EXERCISE INSTRUCTIONS: Set down, exactly and only, everything from the line containing "- 続けて、オペレーションで" down to the line containing "Crisosto Apache is" in the data below; the pictures are not part of the copy.
(DATA SUPPLIED Opens)
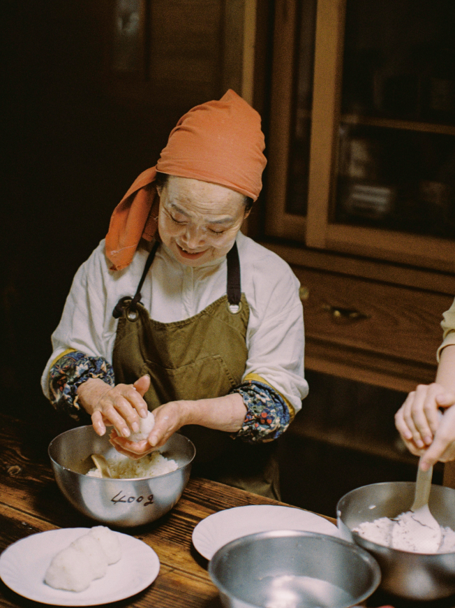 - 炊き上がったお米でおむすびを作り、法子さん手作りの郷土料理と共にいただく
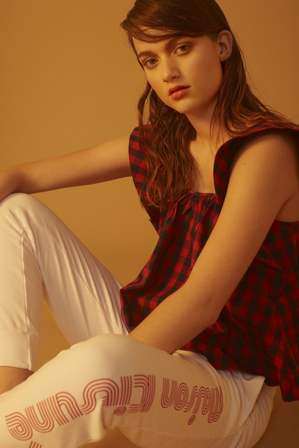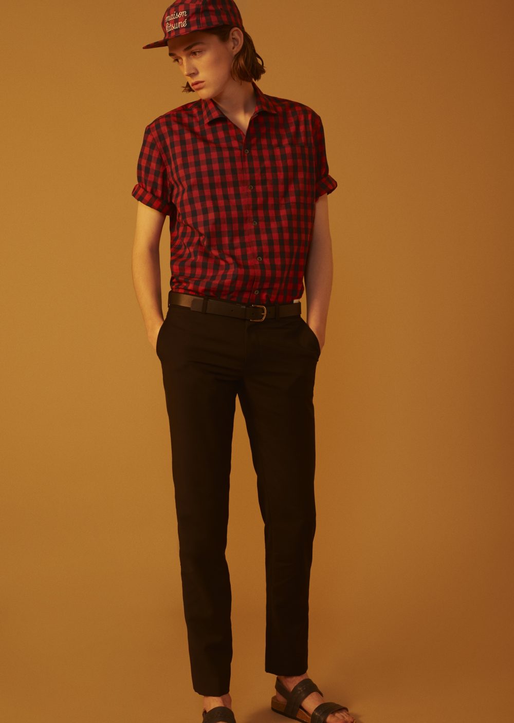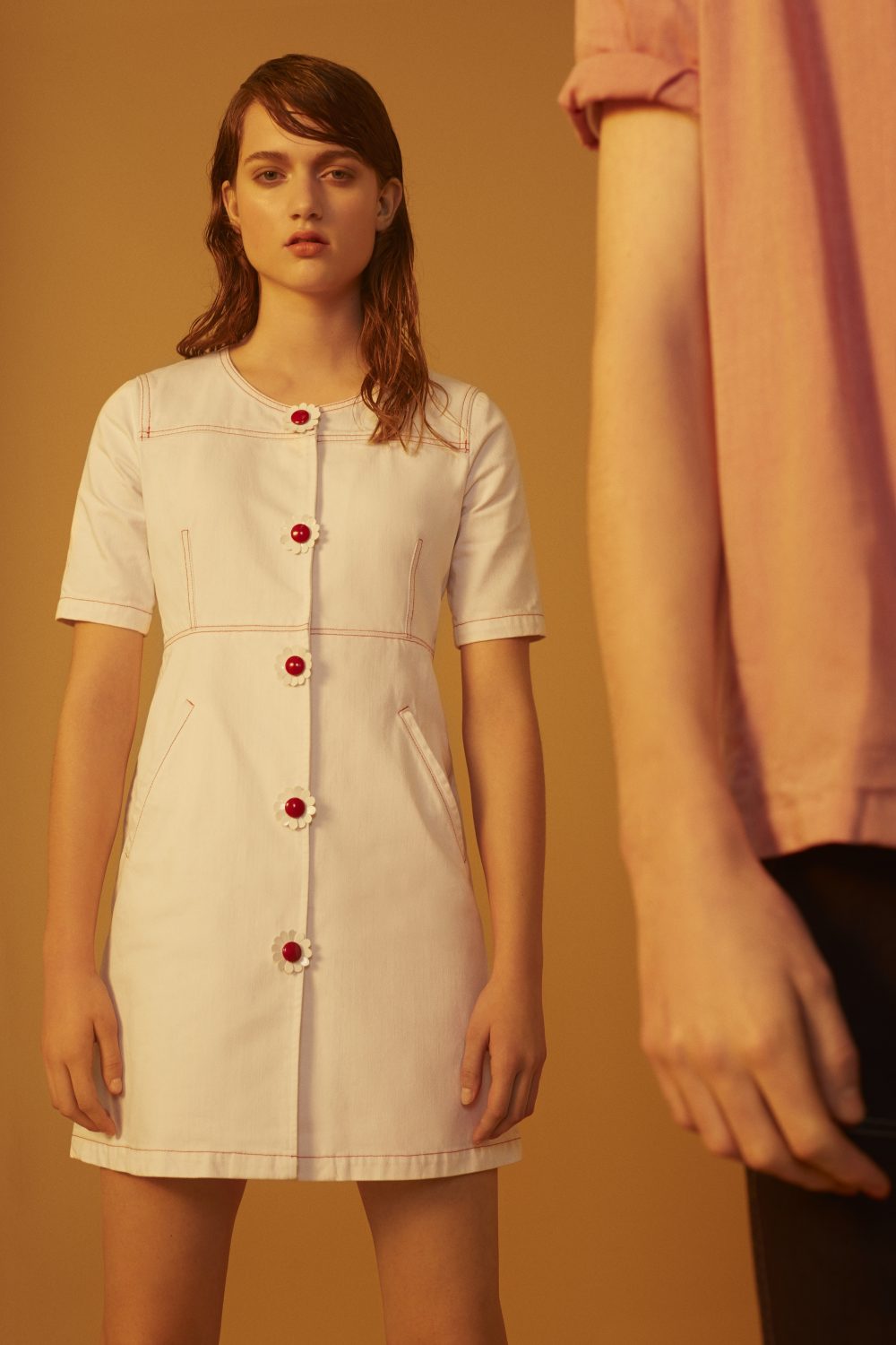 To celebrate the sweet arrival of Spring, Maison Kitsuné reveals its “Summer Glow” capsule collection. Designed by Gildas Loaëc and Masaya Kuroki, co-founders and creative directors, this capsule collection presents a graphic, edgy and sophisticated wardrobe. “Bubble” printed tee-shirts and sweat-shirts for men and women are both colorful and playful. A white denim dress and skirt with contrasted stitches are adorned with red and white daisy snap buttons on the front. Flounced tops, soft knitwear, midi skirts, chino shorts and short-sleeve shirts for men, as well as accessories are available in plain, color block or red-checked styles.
(DATA SUPPLIED Closes)
(DATA SUPPLIED Opens)
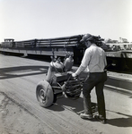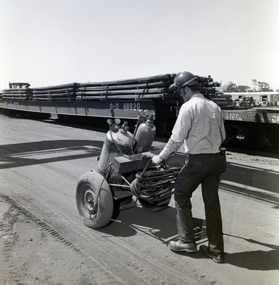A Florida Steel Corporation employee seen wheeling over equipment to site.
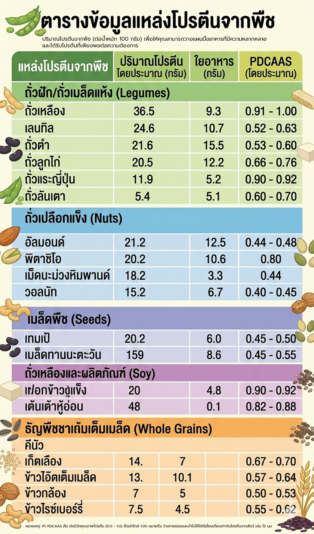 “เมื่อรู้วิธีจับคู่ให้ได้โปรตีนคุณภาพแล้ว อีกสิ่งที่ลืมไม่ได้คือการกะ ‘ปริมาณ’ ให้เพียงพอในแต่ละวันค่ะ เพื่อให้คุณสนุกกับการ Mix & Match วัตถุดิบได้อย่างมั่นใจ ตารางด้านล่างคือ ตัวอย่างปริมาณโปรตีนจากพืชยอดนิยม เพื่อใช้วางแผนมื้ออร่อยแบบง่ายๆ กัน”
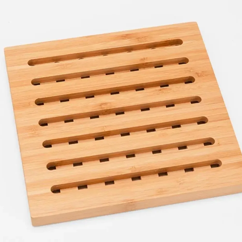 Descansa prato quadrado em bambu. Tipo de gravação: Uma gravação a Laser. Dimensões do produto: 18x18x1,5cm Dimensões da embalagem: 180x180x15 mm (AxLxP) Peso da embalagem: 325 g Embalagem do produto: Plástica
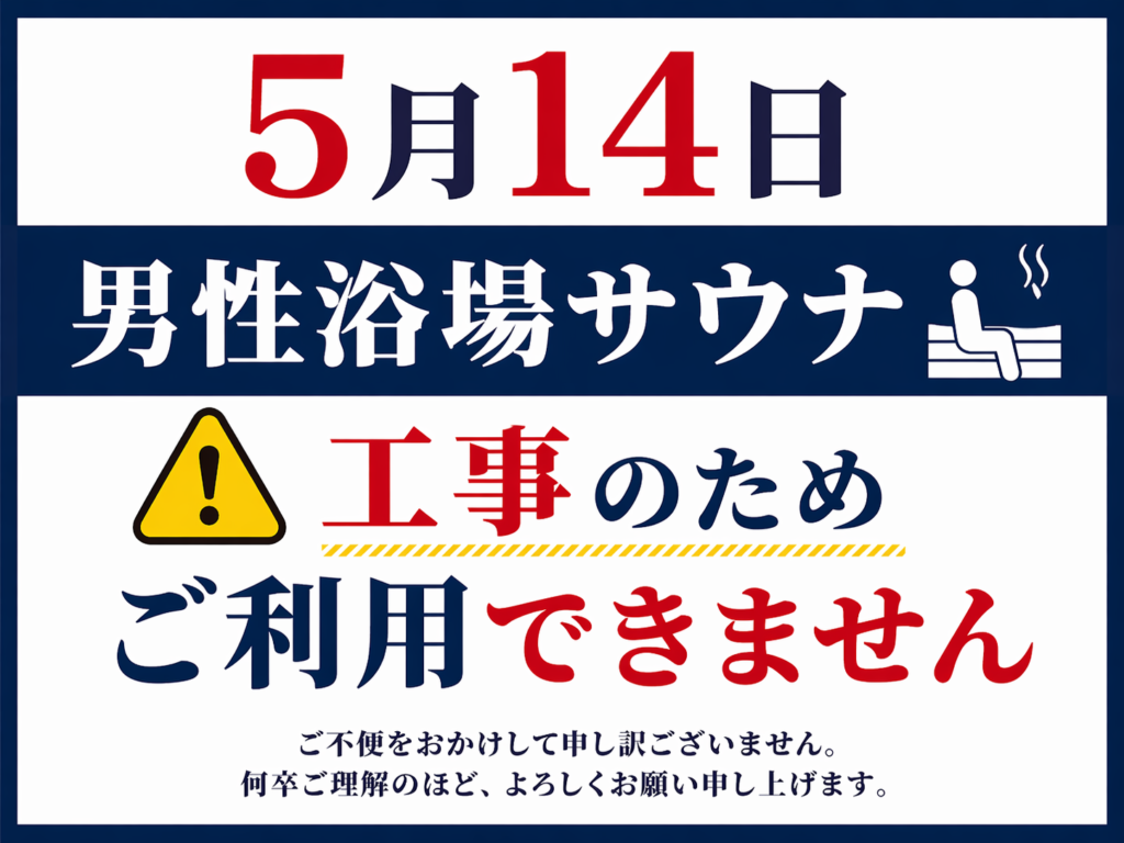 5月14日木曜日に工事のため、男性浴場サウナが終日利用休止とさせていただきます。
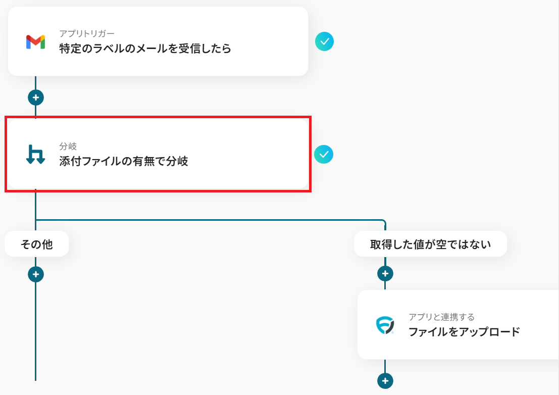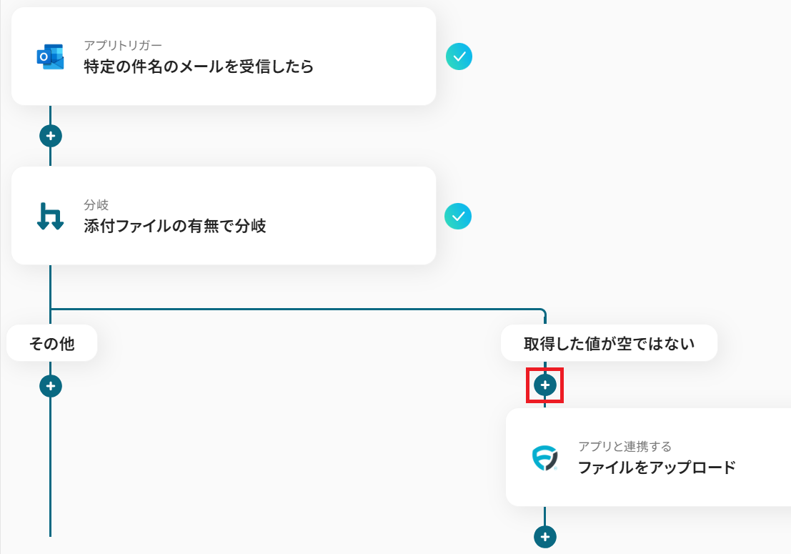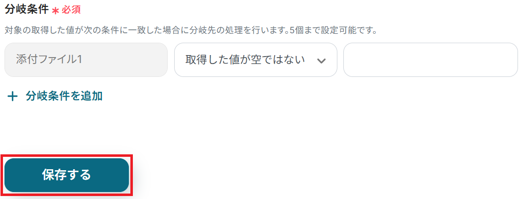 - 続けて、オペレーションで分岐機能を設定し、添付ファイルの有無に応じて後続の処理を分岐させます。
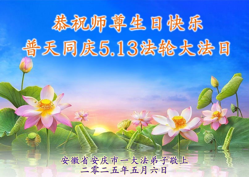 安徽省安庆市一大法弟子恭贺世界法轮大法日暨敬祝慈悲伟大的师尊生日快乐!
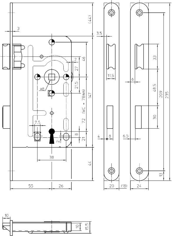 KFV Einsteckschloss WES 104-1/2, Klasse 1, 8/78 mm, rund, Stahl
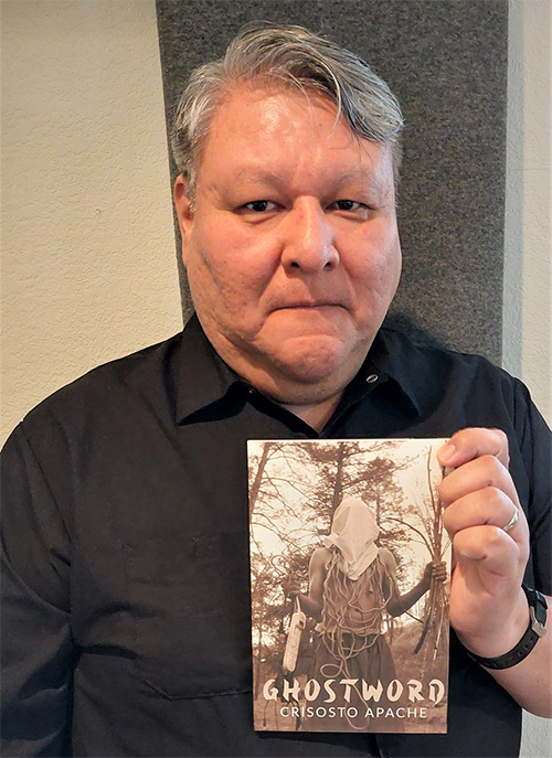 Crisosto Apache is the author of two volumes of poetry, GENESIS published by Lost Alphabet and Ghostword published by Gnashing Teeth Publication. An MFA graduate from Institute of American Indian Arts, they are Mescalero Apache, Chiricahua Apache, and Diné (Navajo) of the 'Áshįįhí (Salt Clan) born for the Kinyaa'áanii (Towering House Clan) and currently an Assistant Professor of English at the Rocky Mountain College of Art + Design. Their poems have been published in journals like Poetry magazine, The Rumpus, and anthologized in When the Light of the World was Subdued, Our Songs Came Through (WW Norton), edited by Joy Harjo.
(DATA SUPPLIED Closes)
WRITTEN ANSWER:
 - 続けて、オペレーションで分岐機能を設定し、添付ファイルの有無に応じて後続の処理を分岐させます。
 安徽省安庆市一大法弟子恭贺世界法轮大法日暨敬祝慈悲伟大的师尊生日快乐!
 KFV Einsteckschloss WES 104-1/2, Klasse 1, 8/78 mm, rund, Stahl
 Crisosto Apache is the author of two volumes of poetry, GENESIS published by Lost Alphabet and Ghostword published by Gnashing Teeth Publication. An MFA graduate from Institute of American Indian Arts, they are Mescalero Apache, Chiricahua Apache, and Diné (Navajo) of the 'Áshįįhí (Salt Clan) born for the Kinyaa'áanii (Towering House Clan) and currently an Assistant Professor of English at the Rocky Mountain College of Art + Design. Their poems have been published in journals like Poetry magazine, The Rumpus, and anthologized in When the Light of the World was Subdued, Our Songs Came Through (WW Norton), edited by Joy Harjo.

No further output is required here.